My mother passed away unexpectedly at the end of January 2020 due to medical complications that resulted in a car crash. My family was devastated. She was just about to retire early, already poured her entire savings into a home in North Carolina and couldn’t wait to go by herself. She loved her grandson, my son, so much. She had already planned multiple flights to our home in NH just to spend time with him. She would come over at least every Wednesday to play with Alix so I could go out and do my thing. She was the kind of grandmother that built forts under our table. She immediately got on the ground and crawled to him when she walked in the door – no one else mattered – she would just yell “memmes here!” – she wanted to be called that. Hilarious to us at the time.
My mother and I had not been best friends but in the last year we started to grow back together for differences that no longer mattered. Which makes the loss of her even harder.
My mother had this way about her. She lived on her own, in her own house, and she was independent as they come. She was one of those people that saw something – and was like – I can do that. She laid heartwood floor in her house, kitsch floor, and knocked down walls.
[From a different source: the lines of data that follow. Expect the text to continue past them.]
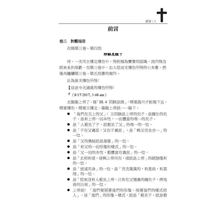 感謝聖靈,一再藉帶領我禱告,繼續認識上帝,認識基督,也認識聖經。求聖靈賜下智慧和啟示,帶我忠心。讓上帝旨意完全行在我身上、和所有看到這些書的人身上。阿們。』
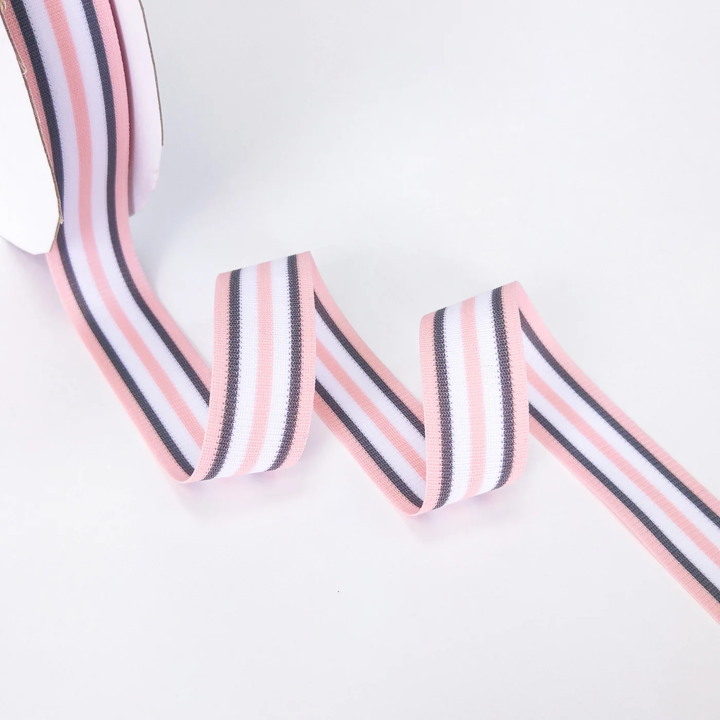 Лента лампасная в полоску, 25 мм, розовый/серый/белый, R2-02-25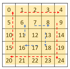 ② 회전 순서가 정해지면 배열 내부에서 특정 영역(정사각형)에 대한 회전(재배치)
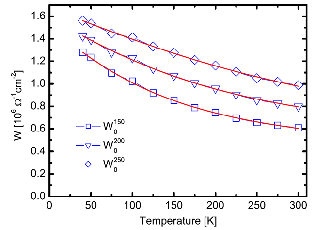 圖4 低頻光電導(dǎo)譜權(quán)重隨溫度的變化曲線。3個不同截止頻率對應(yīng)的曲線都滿足arctan(T)的關(guān)系。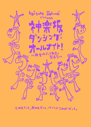 イラスト: 安斎肇Keisuke Sakurai Presents 神楽坂ダンシング・オールナイト! 〜神楽坂ダンス教室・発表会〜 これもダンス、あれもダンス、っていうかこれがダンス。 日時:6月16(金)20:00〜 17(土)15:00〜、19:00〜 場所:神楽坂セッションハウス地下スタジオ 料金:2300 円 「神楽坂ダンス教室」は、ミュージシャン&ダンス批評家の桜井圭介が 神楽坂セッションハウスで行なった「ダンスを作る」ワークショップです。 ここではいかなるメソッドもテクニックも教えません。 自明のものと考えられ勝ちなダンスという形式、お約束をいったんチャラ にしたところで、講師も生徒も一緒に、ダンス経験者もそうでない者も共 に、もう一度「ダンスとは何か?」「ダンスはいかにすれば成立するか?」 を試行=思考する作業と言えるでしょう。その成果、というより途上の姿 をここに謹んでご披露します。 出演: 秋山うり 石野奈織子 小浜正寛 たかぎまゆ 鶴見未穂子 手塚夏子 中村公美 前田愛美 監修: 桜井圭介 予約・お問い合わせ:セッションハウス 03-3266-0461 fax 3266-0772 [ 資料 ] *「ダンス」とは何か?(世界の定説集より) *ダンス再入門〜迂回路を通って〜(ワークショップ参加者募集のチラシより) *何故批評家がワークショップを開くのか? *百メートルを三日で走る by 宮沢章夫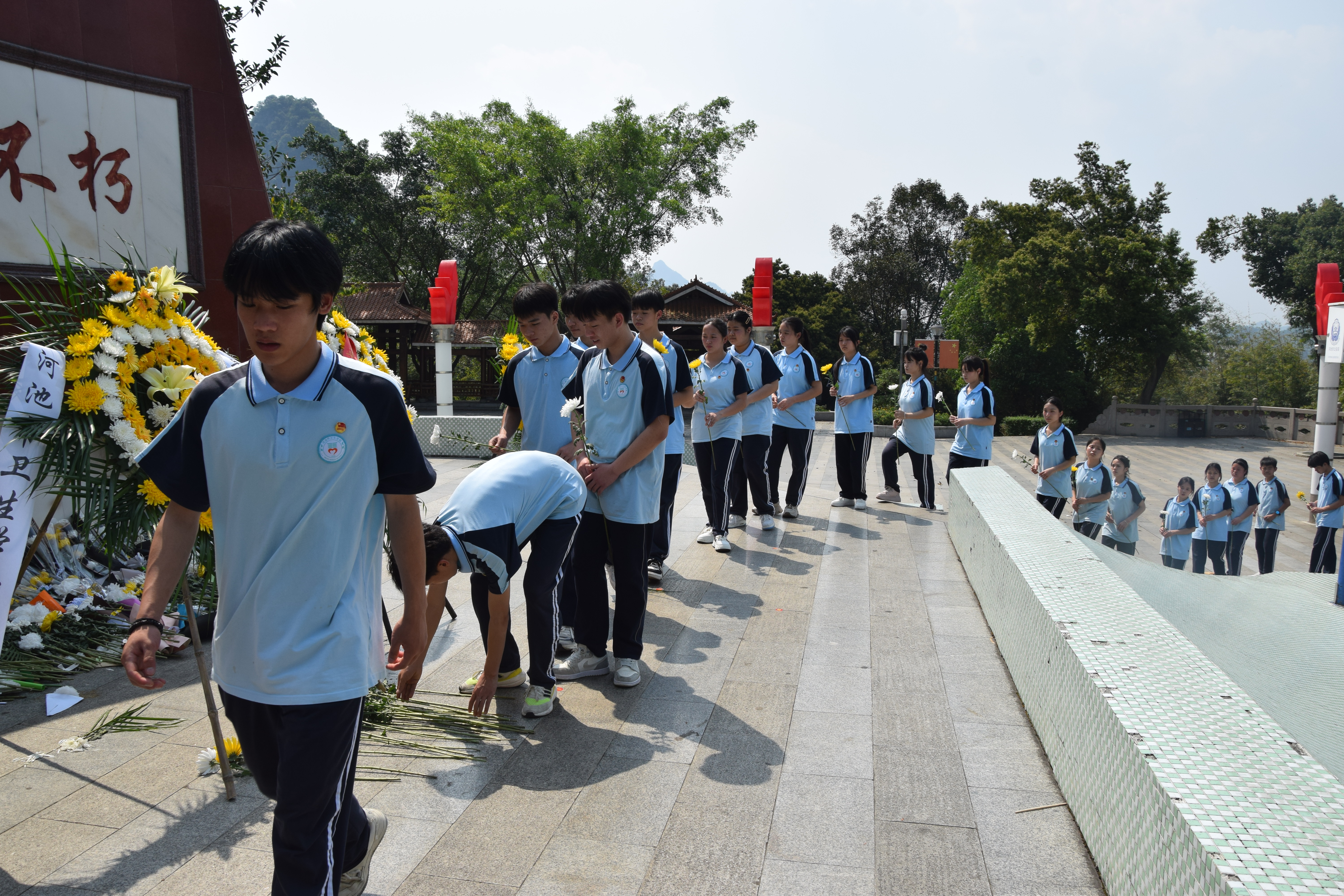 师生们列队向革命先烈敬献鲜花

She also was an artist with her hands. She saw furniture – that no lie- she would get from the dump and redo them into masterpieces. I have some in my home. Her most impressive work (in my opinion) was her stained glass. Again, something she saw and said to herself that she could do it – and did.
My parents divorced when I was an early teenager. No bad feelings at all. But this is when she started her stained glass. She made so much. And her talent just grew. So many of her friends and our family have works from her – and she never made a big deal of it.
When she first started, she made these harem stones- circular cement with stained glass – although far more advanced than anything you get at a craft store now a days. I made it with her. Helping her cut and sand the glass. It was a turtle, a design picked, my favorite.
I always had it with me. But it stayed inside. I had no yard to put it in but always loved having it in the rooms of my apartment.
My fiancé and I bought a home in Billerica MA in 2011. We spent over 5 years in that home. We built a little garden and I put the stone in there.
We sold the home in 2017 to move to NH. It was the winter – and I didn’t think anything of it, forgetting it was there beneath the snow. Had I known a few short years later I would lose her, I would have dug it out with my own bare hands.
When she passed, I told a few people, I had been thinking about going there to ask if they had it. But I assumed it was weird and if they didn’t, and threw it away, or it broke – how would I feel? I blissfully assumed that they were enjoying my mother’s talent and became okay with that. Not really thinking of it again over the next few months.
My best friend since high school. The most emotionally sensitive person I have met. She had dealt with numerous losses over the last few years. Including my mother and the death of our other good friends’ mother – who passed 18 days before mine did.
Despite all this, she wrote a letter to the new owners, explaining to them the significance of the stone and asked if they still had it. A few days later, she received a response that they did! And that they never touched it – it was weathered but intact.
Cyndi wasted no time. She drove there. And then drove to my house. This was during the COVID 19 craziness. She risked a stranger’s home and then to me.
She came into my driveway. I assumed she just wanted to come say hi – get some air. Quarantine is the worst and we hadn’t seen each other in a few months because of it. She was wearing a mask, and said she had something for me. I honestly assumed she stopped at a bakery and got me a coffee and a donut – which I would have been so thankful for.
Instead, she pulled out the stone and put it on the ground. My heart stopped. For a second I thought she made a duplicate.
Quickly realizing that it was the same. I gasped, cried ugly tears hysterically. We both did. Needing to stay apart and not embrace was so hard. The thoughtfulness and genuine love that I felt was too much.
It all came back – missing my mother. Yet also, how incredibly thankful I was for a friend like this. That would take a moment of her day, among her own grieving and during a pandemic to think of me – not just me – because it’s not as if she went online and sent flowers. She went so above and beyond. It was unexpected and unreal.
I cried for hours that day. So, did she. The swarm of love we both received – especially her – she deserves it and so much more – was unreal.
In the midst of loss and grief – You can find love and support through friends and family – cherish the people in your life who will take those extra steps, those extra leaps for your happiness. That’s the love that comes through. It’s the light in the darkness.
I knew that she was my forever friend and how much I loved her. But it is at another level now. A level I don’t know how to describe but I hope that everyone in their lives find.
-Jaime, New Hampshire
All Love Letters’ are pristine, posted as they were received. Please forgive any spelling and grammar issues, since the writing was done in the throes of love, and sometimes love doesn’t care about commas or misplaced letters.